Face à ces violations massives des droits humains, à la restriction des libertés publiques et surtout aux massacres des enquêteurs de l’ONU, la communauté internationale a exigé du Gouvernement congolais des enquêtes crédibles et le respect aussi bien de la Constitution que de l’Accord du 31 décembre 2016 signé avec l’opposition politique sous l’égide de la CENCO. Les pressions exercées par la communauté internationale sur le Pouvoir de Kinshasa expliquent l’émergence de la rhétorique souverainiste actuelle. Celle-ci dénonce l’ingérence de la communauté internationale et, en même temps, arrange pour le Pouvoir un processus électoral taillé sur mesure dont l’alternative serait « le pouvoir ou le pouvoir ».

2. Rhétorique souverainiste comme stratégie électorale

La loi organique n° 13/012 du 19 avril 2013 modifiant et complétant la loi organique n° 10/013 du 28 juillet 2010 portant organisation et fonctionnement de la CENI, souverainement votée par le Parlement et promulguée par le Président de la République, stipule en son article 43 que les ressources de cette institution d’appui à la démocratie proviennent du budget de l’Etat, des dons et legs, de l’assistance et de l’appui provenant des partenaires bilatéraux, multilatéraux et d’autres donateurs. La décision d’exclure tout financement extérieur des élections ignore cette disposition légale. Qui plus est, elle est prise au moment où le Gouvernement congolais – en raison justement des difficultés de trésorerie – n’arrive pas à respecter le plan de décaissement des fonds en faveur de la CENI et/ou du processus électoral[5].
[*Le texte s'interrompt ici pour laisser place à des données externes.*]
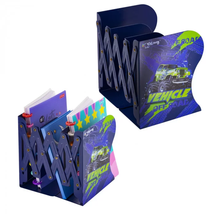 Подставка-держатель для книг раздвижная Yalong, 3 отделения, металл, "Машина", картон. уп. YL225905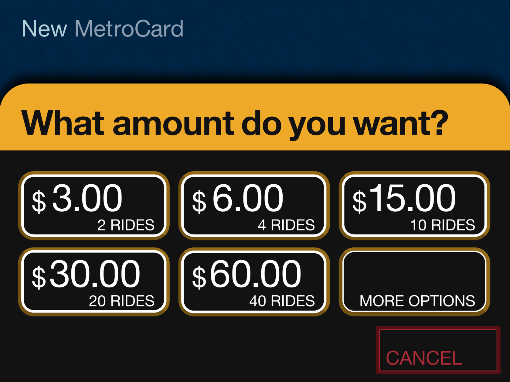 At the time, the MTA (Metropolitan Transit Authority) was moving away from tokens and would soon introduce the MetroCard, a magnetic swipe stored value system, for fare payment. The MetroCard uses card readers built into turnstiles to validate transactions. Although you could also buy your MetroCard from the token booth, the MTA would soon offer an electronic vending machine for purchasing a MetroCard via a touchscreen interface. The new machine would eventually make the token booth redundant. There’d still be a clerk there to manage questions and problems and hand out maps, but most of the cards were meant to be sold through the machine. The MTA had been working on this project for a while already, but the machine was delayed. The job was commissioned to Cubic Westinghouse, a defense and public transportation contractor based in San Diego who was already building turnstiles and station furniture for the MTA. You might imagine that Cubic Westinghouse didn’t have a great deal of experience, or design nuance anyway, for the electronic, user-facing aspects of this new machine which facilitates a rather complicated transaction.

Qu’un Gouvernement qui se plaint du coût élevé des élections et qui traverse de sérieux problèmes de trésorerie, se décide subitement de se passer de l’appui extérieur dans la préparation des élections, ne peut que donner à penser. Deux hypothèses nous semblent plausibles à ce niveau :

2.1. Un nouveau prétexte pour reculer la tenue des élections : la rhétorique souverainiste et les décisions politiques auxquelles elle conduit, comme le refus de tout financement extérieur des élections de décembre 2018, pourraient n’être qu’une stratégie de glissement qui permettrait de reculer une nouvelle fois la tenue des élections. Cette hypothèse est tellement prise au sérieux que l’Angola a dû tirer la sonnette d’alarme, demandant à Kinshasa de ne pas tirer prétexte du manque d’argent pour retarder l’organisation des élections[6]. En effet, tous les prétextes techniques du Président de la CENI sont épuisés, à l’exception des machines à voter et des ressources financières. Il n’est donc pas exclu que l’on passe du glissement technique au glissement financier, malgré la disponibilité de la communauté internationale à appuyer financièrement le processus électoral.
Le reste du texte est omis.